By breaking down the magnitude of history’s arc – the rise of a dictator, war, genocide – into a series of interlocking and sometimes seemingly preventable moments, it feels relatable. And this is key to the centre’s objectives. “History does not repeat itself in exactly the same way,” says Nerdinger. “There will never be a man with a moustache – this is of course ridiculous. But you have to understand the structures, and what you can learn out of the structures.”
When a country experiences a political or economic crisis, says Nerdinger, voters will go to the extremes. And during these times, “it’s of utmost importance that the democrats stand united together. This did not happen in the Weimar Republic: [after the onset of the Great Depression in 1929] the democratic parties were split in themselves and they could not counter extremist movements – and so the democracy broke and failed,” he says. “That’s why we say one can learn out of history, and that’s what you can learn out of a place like this.”
The NS-Dokumentationszentrum also tells the stories of brave individuals who stood up to the Nazi regime, including siblings Hans and Sophie Scholl and Christoph Probst. Students from the University of Munich, they formed part of a peaceful resistance movement called the White Rose and spoke out using graffiti and hand-printed pamphlets, the first of which implored, ‘Do not forget that every nation deserves the government that it endures’. In 1943, the trio were arrested after Sophie was seen throwing a pile of pamphlets from a balcony into the square below at the university. They were convicted of high treason and executed hours later.

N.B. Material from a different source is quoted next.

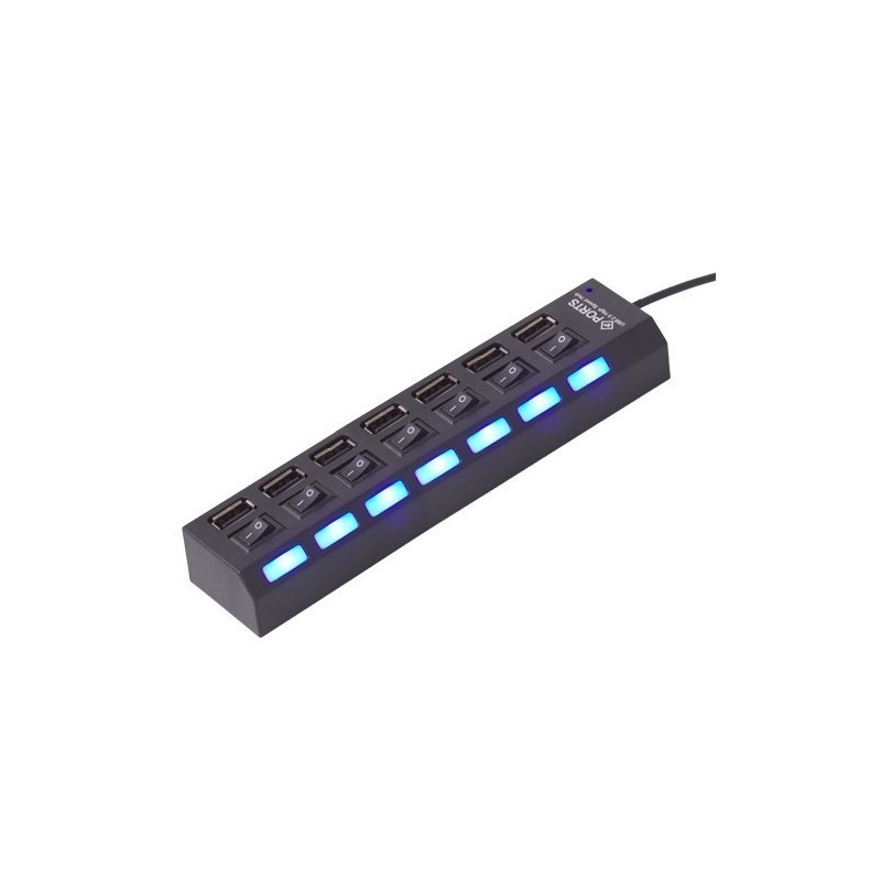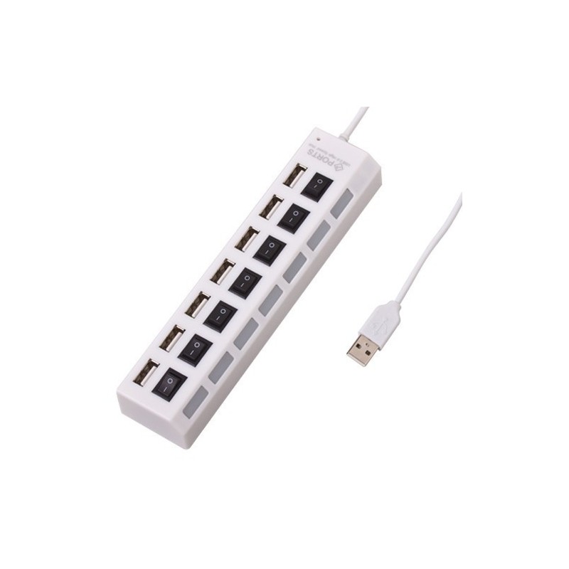 USB HUB РАЗКЛОНИТЕЛ СЪС 7 ПОРТА И ИНДИВИДУАЛНИ КЛЮЧОВЕ, ДО 480MBPS

From the NS-Dokumentationszentrum, it’s a 20-minute stroll to Geschwister-Scholl-Platz, where the siblings and their friend are commemorated with a subtle and poignant tribute: the White Rose Memorial sees a scattering of bronze replica leaflets embedded on cobblestones in front of the university building where the students were arrested. Geschwister-Scholl-Platz is in the heart of Schwabing, long known as Munich’s bohemian and artistic district. It was the epicentre of European arts in the 19th century, before the avant-garde moved to Berlin and Hitler manipulated the city’s artistic legacy to suit his own ideology: decreeing it the capital of German Art – an intrinsically racist proposition – while rejecting modern art as degenerate. Today, you can nonetheless spot its trendsetting legacy in the many beautiful Jugendstil (Art Nouveau) houses that still exist in the area. The dust has settled on Schwabing to reveal an attractive neighbourhood with an alternative undercurrent and plenty of spots to sip coffee and ponder in.

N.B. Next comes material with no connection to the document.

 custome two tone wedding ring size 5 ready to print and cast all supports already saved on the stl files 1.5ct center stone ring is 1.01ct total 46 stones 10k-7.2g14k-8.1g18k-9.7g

In the months after I meet him in his office on the top floor of the NS-Dokumentationszentrum, Professor Nerdinger retires. An architectural historian by trade whose father, the graphic designer Eugen Nerdinger, was also a resistance fighter, Nerdinger has campaigned to establish a documentation centre of this kind in Munich since the late ’80s. Other cities in Germany, including Berlin, Cologne and Nuremberg set examples, but Munich – voted the world’s most livable city by Monocle in 2018 and slowly but surely shedding its conservative image – dragged its heels.
“I always said the city has a responsibility because everything started here,” Nerdinger explains. “But it took another generation – almost 25 years – because there were so many obstacles here in Munich set by different groups, politicians, families and so on. But at last we have the building… it took a long time!”
And yet it seems so timely now, a century on from when Hitler first entered politics. This landmark white cube that confronts a dark past feels as relevant and essential today as it ever could.
Getting there
Etihad offers one-stop flights to Munich from Brisbane, Sydney and Melbourne.
Playing there
The Munich Documentation Centre for the History of National Socialism is open 10am–7pm Tuesday to Sunday, and on public holiday Mondays. Admission costs €5 ($8) for adults and €2.50 ($4) concessions; it’s free for under 18s, school pupils and students in groups. Use of media guides and a smartphone app is free of charge, as is access to the learning centre.
The NS-Dokumentationszentrum is located a four-minute walk from Königsplatz metro station.